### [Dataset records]
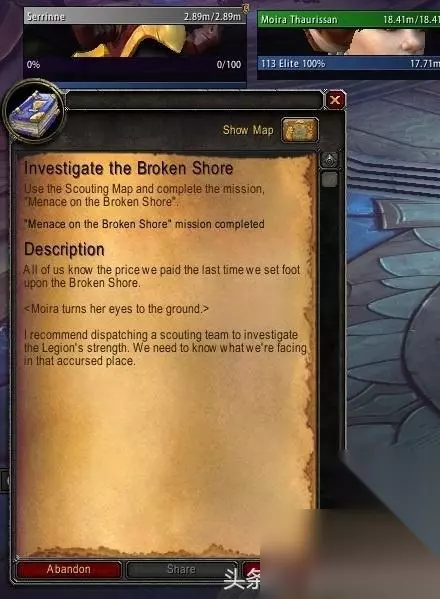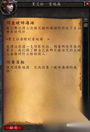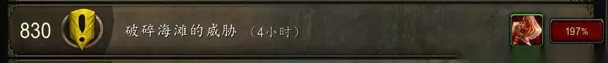 破碎海滩的威胁 破碎海滩的威胁:派遣勇士调查燃烧军团在破碎海滩的活动,830随从装等要求,4小时。 背叛希望:据说,恶魔丹塔利纳克斯能吸干凡人心中所有的希望。必须让我们的部队消灭他,830随从装等要求,12小时。 完成之后就能够接到新任务,“调查破碎海滩”!不过这个任务暂时无法完成。
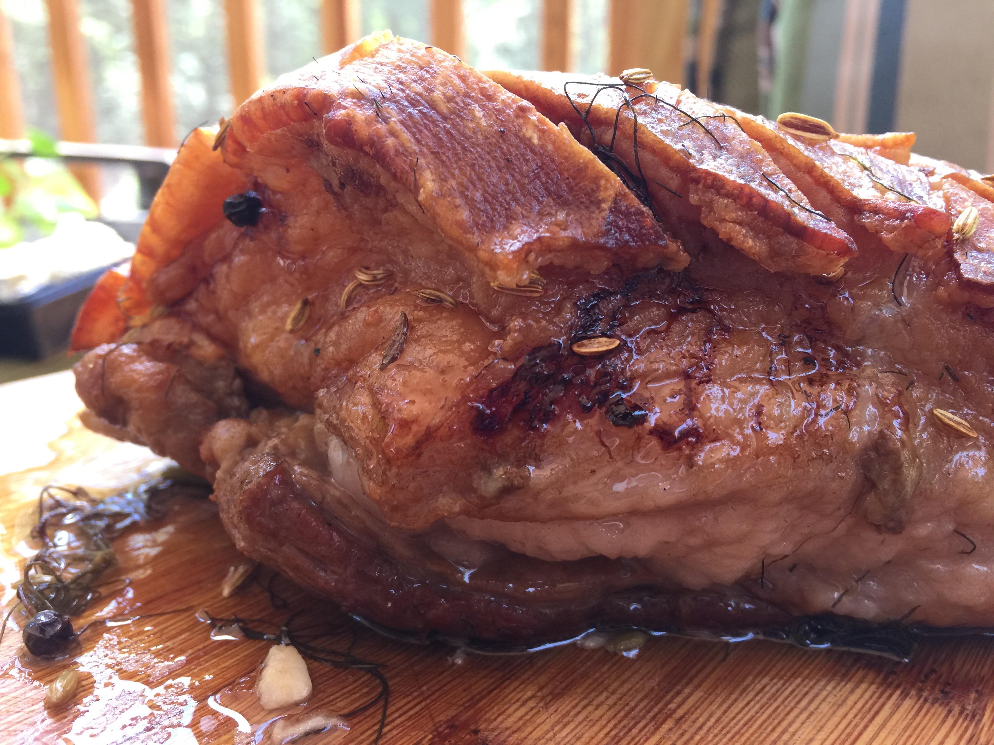 Delicious: succulent and crispy roasted Kunekune pork belly
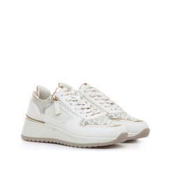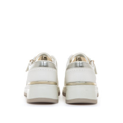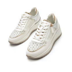 Zapatillas de color blanco para mujer de la marca Mariamare, modelo Salerno de estilo urbano con plataforma. Este diseño destaca por sus detalles perforados con formas florales en la puntera y los laterales, que aportan un toque decorativo sutil. La cremallera lateral con tirador a tono y los acabados metalizados en dorado y plata elevan el look del calzado. La suela con plataforma dentada y sus plantillas con tecnología Starfit, mejoran la comodidad en cada paso. Con certificado VEGANO sellado por INESCOP, el cual garantiza que la naturaleza química principal del material no se corresponde con fibras de origen animal.
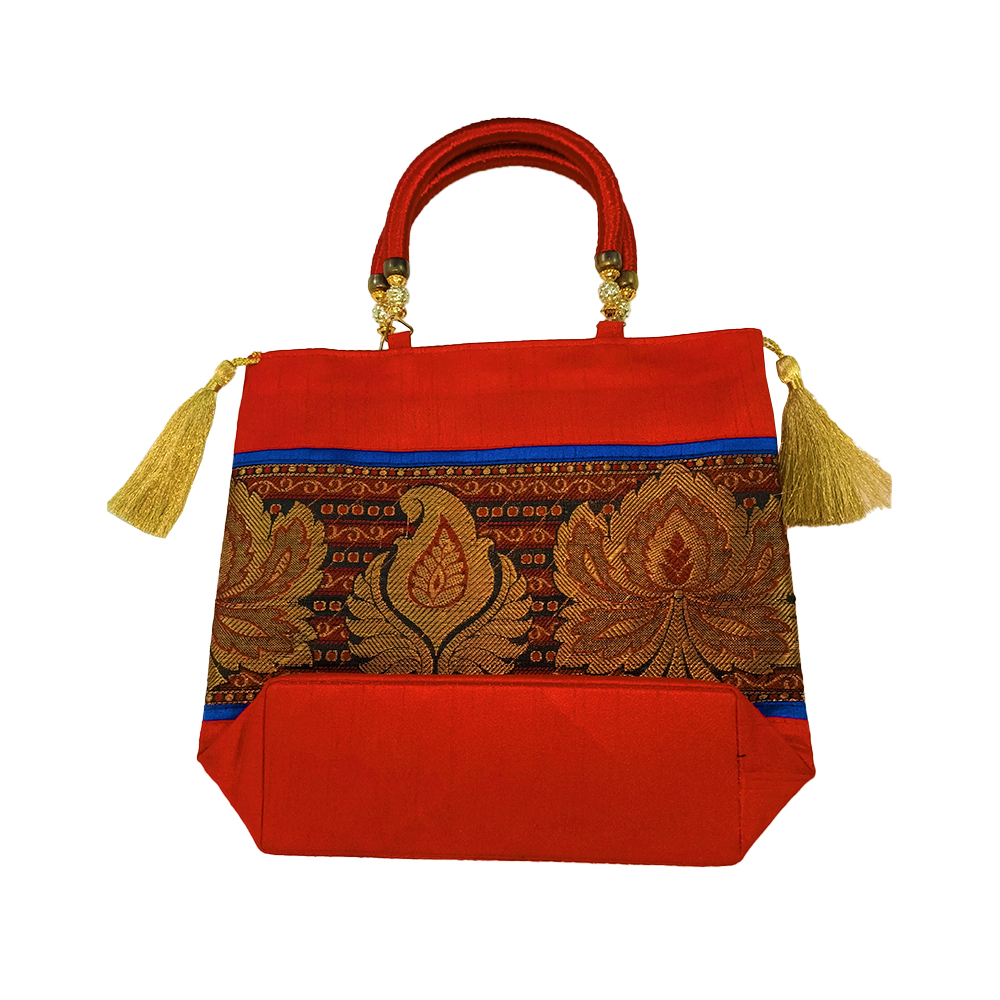 Introducing our banarasi silk brocade bag. with RED and Gold brocade Design royal design , feels royal Size: 9 inch by 10 inchs
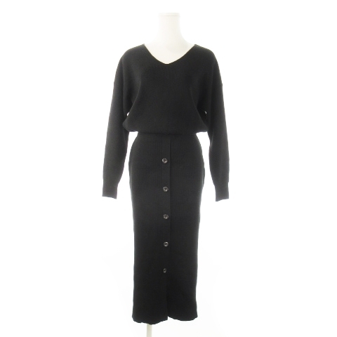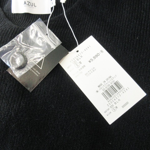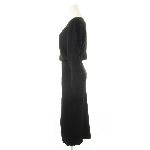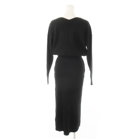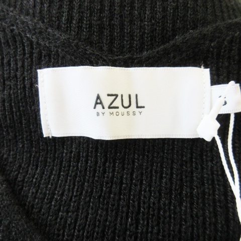未使用品 アズールバイマウジー AZUL by moussy ニットワンピース ロング Vネック 長袖 ブラウジング リブ S 黒 ブラック
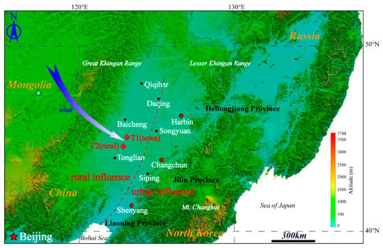 Locations of the two sampling sites and topography of the Northeast China area. The red line from the south to the north indicates rural and urban influence of air quality in Northeast China based on the distribution of population and cites. The blue arrow shows the main wind from northwest China and Mongolia during the sampling period. The T1 and T2 sites are located in a rural influence area.
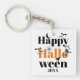 Happy halloween-typografi med nyckelkedjan vintage inslag. Det visningar texten "Happy halloween" i svart- och orange-typografi, vintage inslag som spindel, häxa, fladdermus, svart katt, halvmåns måne och redigerbart år.
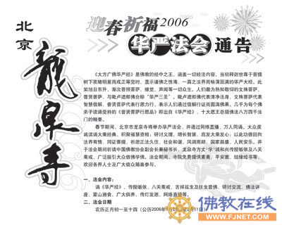 春节期间,北京市龙泉寺将举办华严法会。法会将通过网络直播,举行“万人同诵”活动。届时,与会大众将虔诚读诵大乘经典、研讨佛法义理,以此积聚福慧资粮,增长智慧,启发大乘发心,并回向法界有情,同证菩提,祈愿正法久住,社会和谐,风调雨顺,国家昌盛,人民安乐。法会将礼请中国佛教协会副会长兼秘书长、龙泉寺方丈学诚法师为大众传授皈依及八关斋戒,广泛接引大众信佛学佛。法会期间,寺院免费提供素斋、平安面、结缘经书,欢迎各界人士及广大信众随喜参与。

### [Problem requirements]
Start at the top of the entries and repeat each line exactly, ending at the line that contains "Locations of the". Pictures are not part of the copy.

### [Result of this task]
 破碎海滩的威胁 破碎海滩的威胁:派遣勇士调查燃烧军团在破碎海滩的活动,830随从装等要求,4小时。 背叛希望:据说,恶魔丹塔利纳克斯能吸干凡人心中所有的希望。必须让我们的部队消灭他,830随从装等要求,12小时。 完成之后就能够接到新任务,“调查破碎海滩”!不过这个任务暂时无法完成。
 Delicious: succulent and crispy roasted Kunekune pork belly
 Zapatillas de color blanco para mujer de la marca Mariamare, modelo Salerno de estilo urbano con plataforma. Este diseño destaca por sus detalles perforados con formas florales en la puntera y los laterales, que aportan un toque decorativo sutil. La cremallera lateral con tirador a tono y los acabados metalizados en dorado y plata elevan el look del calzado. La suela con plataforma dentada y sus plantillas con tecnología Starfit, mejoran la comodidad en cada paso. Con certificado VEGANO sellado por INESCOP, el cual garantiza que la naturaleza química principal del material no se corresponde con fibras de origen animal.
 Introducing our banarasi silk brocade bag. with RED and Gold brocade Design royal design , feels royal Size: 9 inch by 10 inchs
未使用品 アズールバイマウジー AZUL by moussy ニットワンピース ロング Vネック 長袖 ブラウジング リブ S 黒 ブラック
 Locations of the two sampling sites and topography of the Northeast China area. The red line from the south to the north indicates rural and urban influence of air quality in Northeast China based on the distribution of population and cites. The blue arrow shows the main wind from northwest China and Mongolia during the sampling period. The T1 and T2 sites are located in a rural influence area.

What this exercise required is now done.